— TASK BRIEF —
Write out exactly the lines below starting at the one containing "A stylish and" and ending at the one containing "注:フル・メモリ・バージョン". Omit every picture.

=== Section Start ===

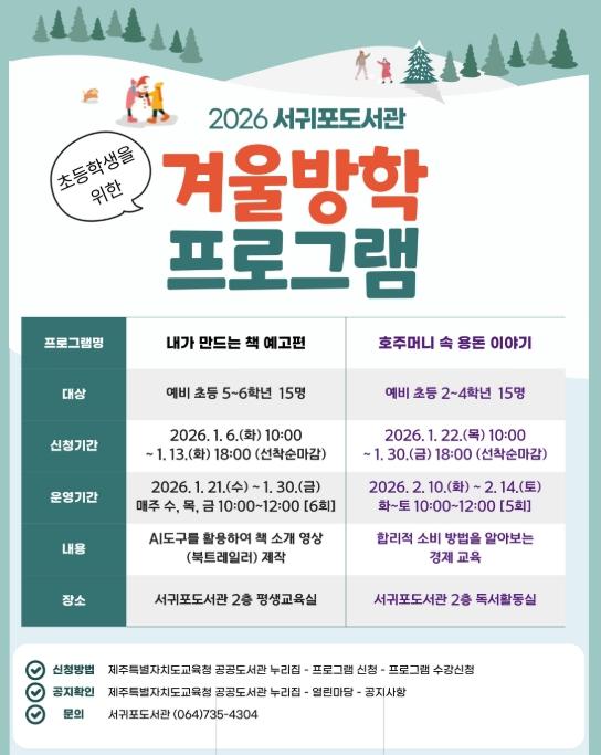 [한국제일신문, 김성옥기자] 제주도교육청 서귀포도서관은 겨울방학을 맞아 어린이들의 호기심을 자극해 책 읽기의 즐거움과 경제 감각을 키우는 겨울방학 프로그램을 운영하며, 내년 1월 6일부터 참가자를 모집한다.
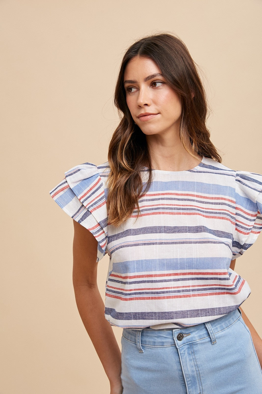 Add a pop of patriotic flair to your closet with our Red, White, and Blue Striped Ruffle Sleeve Top! It's got those classic American vibes with a cute twist. Think comfy fabric, stylish stripes, and adorable ruffle sleeves.
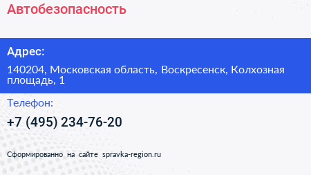 Автобезопасность по адресу 140204, Московская область, Воскресенск, Колхозная площадь, 1 в дальнейшем Организация, размещена в следующих категориях:
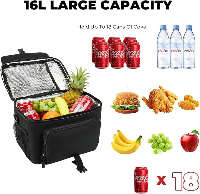 - 16L Large Capacity: The Lunch Box size is 13.0" x 8.3" x 9.85" (L x W x H).The main compartment capacity is 16L to store your fresh lunch or cold drinks. Designed with front and back zipper pockets, a side mesh pocket, a side pocket with molle, and an inner mesh pocket, can be used to store bottles, tableware, napkins, can openers, wallets, keys, and other essentials. Convenience for daily use
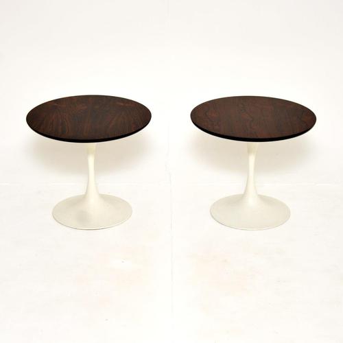 A stylish and very well made pair of vintage rosewood tulip side tables by Arkana. They were designed by Maurice Burke, and were made in England in the 1960s. The quality is superb, they are a very useful size and have a beautiful design. The circular rosewood tops have stunning grain patterns, they stand on off white weighted metal bases. We have had the wood stripped and re-polished to a very high standard, there is some minor surface wear to the bases here and there. Overall the condition is excellent for their age. The wood is Santos rosewood, which does not require a CITES or article 10. Width – 46cm, 18 inches Depth – 46cm, 18 inches Height – 38cm, 15 inches
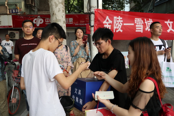 这群特殊的陪考人,是南航兴乡计划团队的成员,她们主要来自必赢3003no1线路检测中心的格桑花开支教团和一心彝意支教团。“我们是南航的大学生,今年暑假我们将前往西藏支教,希望能收集一些考生们的文具,一方面是资源的再利用,另一方面也是想传递们考生们拼搏的力量”,本次活动的负责人这样说道。
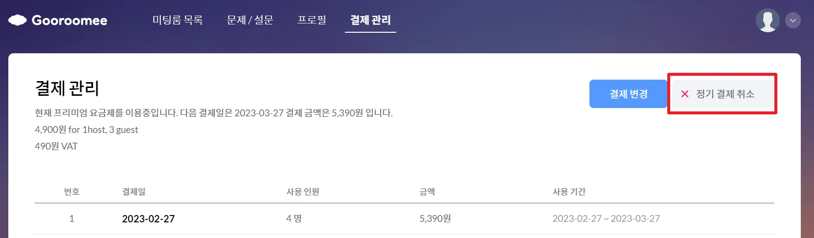 월별 자동 결제를 해지하고 싶으시다면 결제 관리에서 정기 결제 취소 버튼을 눌러 취소해 주시면 됩니다.
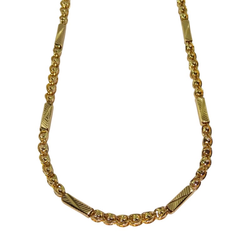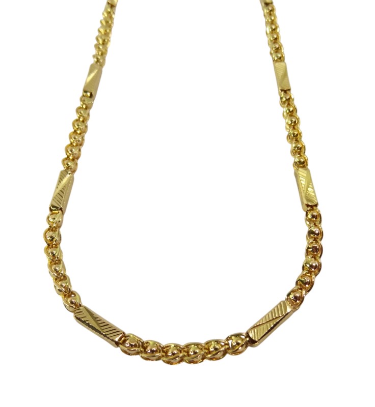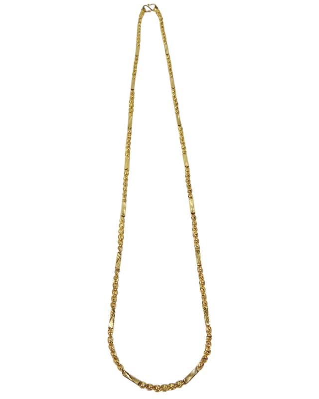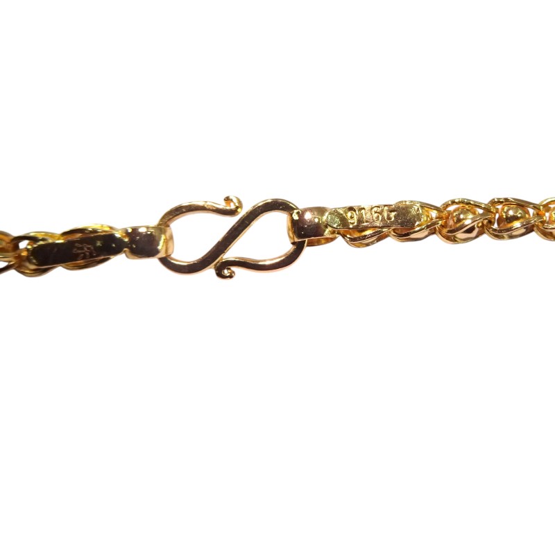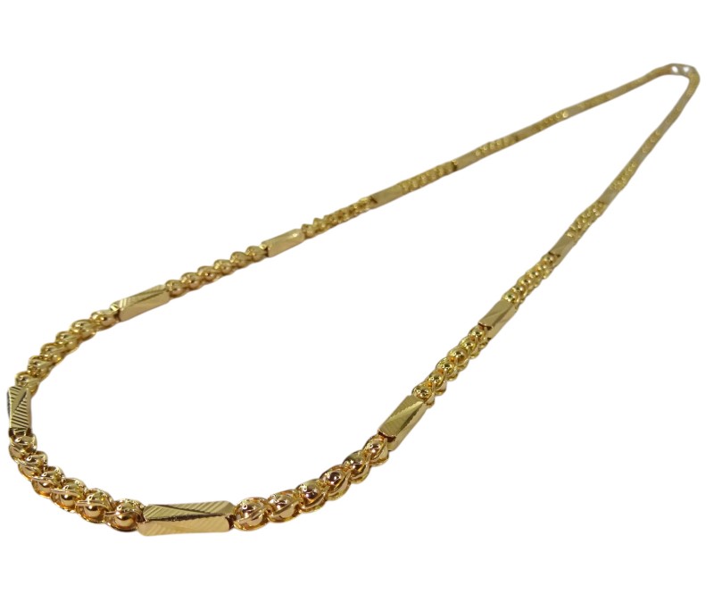 This 22ct yellow gold necklace features a fancy design and an engraving of 'CHJ 916G'. Crafted with a hallmark of .916, this unisex piece weighs 23.48 grams, making it a substantial yet wearable accessory. The warm hue and luxurious feel of yellow gold have made it a cherished material for centuries, known for its radiant glow and enduring quality.
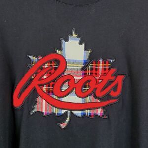 Roots Canada Plaid Maple Leaf Embroidered Stitch Long Sleeve Tee Medium
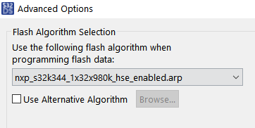注:フル・メモリ・バージョンのHSE FWを使用する場合は、次のセクションに記載されているデモ・アプリケーションのデバッグ構成を更新して、下図に示すように適切なフラッシング・アルゴリズムを選択する必要があります。
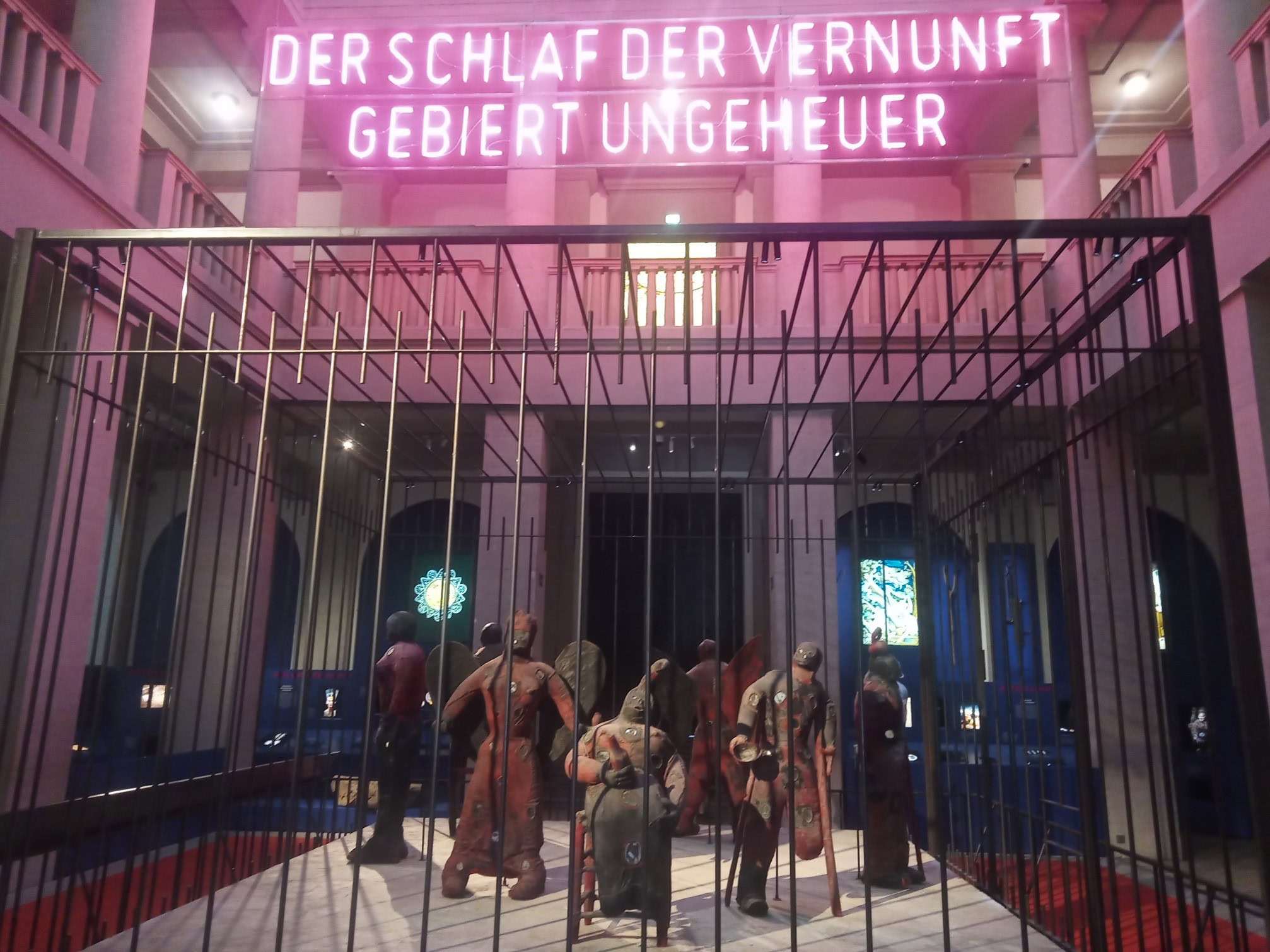 „Der Schlaf der Vernunft gebiert Ungeheuer“ heißt es auf der berühmten Radierung von Francisco de Goya. Der Künstler wird schlafend oder träumend und umgeben von unheimlich anmutenden Nachtwesen wie Eule, Luchs und Fledermaus gezeigt; und je nachdem, ob man die Deutung auf den „Schlaf“ oder den „Traum“ richtet, kann das Bild entweder als eine Kritik am Aberglauben oder aber als Ausdruck für Goyas Ringen mit seinen inneren Dämonen (respektive seiner Einbildungskraft) interpretiert werden. In der Ausstellung „Magie – Das Schicksal zwingen“ des Landesmuseums für Vorgeschichte in Halle/Saale steht eine Kopie der Radierung an letzter Stelle des Rundgangs, als eine „Auseinandersetzung zwischen magischem und rationalem Denken“. Zudem prangt der Spruch „Der Schlaf der Vernunft gebiert Ungeheuer“ als eine Art mahnendes und zugleich unheimliches Motto in großer Leuchtschrift über der Ausstellung.

=== Section End ===

— EXERCISE RESULT —
 A stylish and very well made pair of vintage rosewood tulip side tables by Arkana. They were designed by Maurice Burke, and were made in England in the 1960s. The quality is superb, they are a very useful size and have a beautiful design. The circular rosewood tops have stunning grain patterns, they stand on off white weighted metal bases. We have had the wood stripped and re-polished to a very high standard, there is some minor surface wear to the bases here and there. Overall the condition is excellent for their age. The wood is Santos rosewood, which does not require a CITES or article 10. Width – 46cm, 18 inches Depth – 46cm, 18 inches Height – 38cm, 15 inches
 这群特殊的陪考人,是南航兴乡计划团队的成员,她们主要来自必赢3003no1线路检测中心的格桑花开支教团和一心彝意支教团。“我们是南航的大学生,今年暑假我们将前往西藏支教,希望能收集一些考生们的文具,一方面是资源的再利用,另一方面也是想传递们考生们拼搏的力量”,本次活动的负责人这样说道。
 월별 자동 결제를 해지하고 싶으시다면 결제 관리에서 정기 결제 취소 버튼을 눌러 취소해 주시면 됩니다.
 This 22ct yellow gold necklace features a fancy design and an engraving of 'CHJ 916G'. Crafted with a hallmark of .916, this unisex piece weighs 23.48 grams, making it a substantial yet wearable accessory. The warm hue and luxurious feel of yellow gold have made it a cherished material for centuries, known for its radiant glow and enduring quality.
 Roots Canada Plaid Maple Leaf Embroidered Stitch Long Sleeve Tee Medium
注:フル・メモリ・バージョンのHSE FWを使用する場合は、次のセクションに記載されているデモ・アプリケーションのデバッグ構成を更新して、下図に示すように適切なフラッシング・アルゴリズムを選択する必要があります。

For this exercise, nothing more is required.